We next wondered if reduced BR levels would alter the relative elongation of the outer and inner sepals flower buds. For this we used the de-etiolated2 (det2) mutant, which has greatly reduced levels of brassinolide biosynthesis. Interestingly, det2 does not significantly alter the lengths of the inner (p = 0.73) or outer (p = 0.87) sepals compared to WT, and thus does not affect the outer/inner sepal ratio (p = 0.84) (Figure 5A-5D).
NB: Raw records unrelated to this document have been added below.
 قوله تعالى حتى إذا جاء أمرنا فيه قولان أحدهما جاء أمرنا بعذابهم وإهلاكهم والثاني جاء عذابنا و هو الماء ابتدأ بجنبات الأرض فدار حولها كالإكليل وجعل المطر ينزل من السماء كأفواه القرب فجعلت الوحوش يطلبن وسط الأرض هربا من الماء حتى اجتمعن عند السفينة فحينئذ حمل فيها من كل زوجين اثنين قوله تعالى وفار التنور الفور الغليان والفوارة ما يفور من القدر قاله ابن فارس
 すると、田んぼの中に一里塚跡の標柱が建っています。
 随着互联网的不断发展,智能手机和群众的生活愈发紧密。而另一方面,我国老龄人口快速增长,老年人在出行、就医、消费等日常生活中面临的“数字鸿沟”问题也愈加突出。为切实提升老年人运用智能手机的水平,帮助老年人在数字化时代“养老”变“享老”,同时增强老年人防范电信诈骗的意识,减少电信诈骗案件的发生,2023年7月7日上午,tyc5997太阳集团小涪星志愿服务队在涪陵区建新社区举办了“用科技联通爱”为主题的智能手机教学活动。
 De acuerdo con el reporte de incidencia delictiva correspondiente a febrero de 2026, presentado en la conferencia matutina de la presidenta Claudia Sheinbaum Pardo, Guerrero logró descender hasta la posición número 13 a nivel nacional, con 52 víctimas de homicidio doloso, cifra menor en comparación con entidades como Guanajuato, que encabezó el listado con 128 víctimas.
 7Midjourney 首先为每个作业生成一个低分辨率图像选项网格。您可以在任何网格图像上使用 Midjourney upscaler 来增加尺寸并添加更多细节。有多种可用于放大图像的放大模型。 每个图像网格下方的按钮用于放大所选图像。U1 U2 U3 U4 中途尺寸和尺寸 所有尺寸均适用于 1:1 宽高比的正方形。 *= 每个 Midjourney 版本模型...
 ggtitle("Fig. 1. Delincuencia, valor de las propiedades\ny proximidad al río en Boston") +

Next we wanted to know if crossing drmy1 with these BR mutants could rescue or worsen the sepal elongation defects. We hypothesized that further increasing BR signaling by crossing drmy1 with bzr1–1D would accentuate outer sepal overgrowth, but were surprised to find that outer sepal length remained unchanged in drmy1 bzr1–1D double mutant compared to drmy1 alone (p = 0.93), suggesting the outer sepal growth induced by BR signaling is already saturated (Figure 5A and 5B). Instead, we noticed that the inner sepal length actually increased in the double mutant (p = 0.0017) (Figure 5A and 5C), leading to a partial rescue of the outer/inner sepal ratio (p = 0.0047) (Figure 5D), suggesting that further increasing BR signaling can promote elongation of the inner sepal.
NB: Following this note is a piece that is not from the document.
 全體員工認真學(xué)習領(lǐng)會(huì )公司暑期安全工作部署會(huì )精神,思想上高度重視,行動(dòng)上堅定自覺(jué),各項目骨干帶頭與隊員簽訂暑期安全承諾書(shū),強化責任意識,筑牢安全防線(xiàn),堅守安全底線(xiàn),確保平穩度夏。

Since BR signaling is upregulated in drmy1, we hypothesized that crossing det2 with drmy1 may rescue the sepal primordium size coordination defect in drmy1 by reducing outer sepal overgrowth. Compared with drmy1, the drmy1 det2 double mutant has reduced outer sepal length (p = 0.0018) while inner sepal length remains unchanged (p = 0.44) (Figure 5A-5C). As a result, the outer/inner sepal ratio is partially rescued in drmy1 det2 compared to drmy1 (p = 0.0045) (Figure 5D). These results suggest that decreasing BR signaling levels can partially rescue the drmy1 sepal primordium size coordination defect by limiting the overgrowth of the outer sepal.

To verify the trends from our mutant analysis, we altered BR signaling through chemical treatments as well. We achieved this by applying 400 nM brassinolide (BL), the most bioactive brassinosteroid, or 50 μM brassinazole (BRZ), an inhibitor of DWF4, a key enzyme in the BR biosynthesis pathway. Dipping inflorescences in solutions of these chemicals daily for 6 days clearly altered tissue growth patterns in expected ways, such as increasing (in the case of BL) or decreasing (in the case of BRZ) pedicel and silique lengths (Figure S5A). As predicted from our mutant experiments, both BL and BRZ applications lead to a partial rescue of sepal primordium size coordination as represented by the outer/inner sepal ratios in drmy1 (BRZ p = 1 × 10⁻⁵; BL p = 0.035) (Figure 5E, 5F and 5K). Interestingly, both chemicals also lead to small but significant decreases in the outer/inner sepal ratios in WT (BRZ p = 0.032; BL p = 0.025) (Figure 5E, 5F and 5K), but neither inner nor outer sepals individually were significantly affected by BRZ (outer p = 0.25; inner p = 0.95) (Figure 5G and 5H). As anticipated, BRZ significantly decreases the length of the outer sepal normalized to the length of the whole bud in drmy1 (p = 0.0094) (Figure 5G and 5I). BRZ has no obvious effect on inner sepal relative length in drmy1 (Figure 5J). Altogether, these results corroborate the idea that decreasing BR levels can reduce outer sepal overgrowth in drmy1 without affecting inner sepal growth.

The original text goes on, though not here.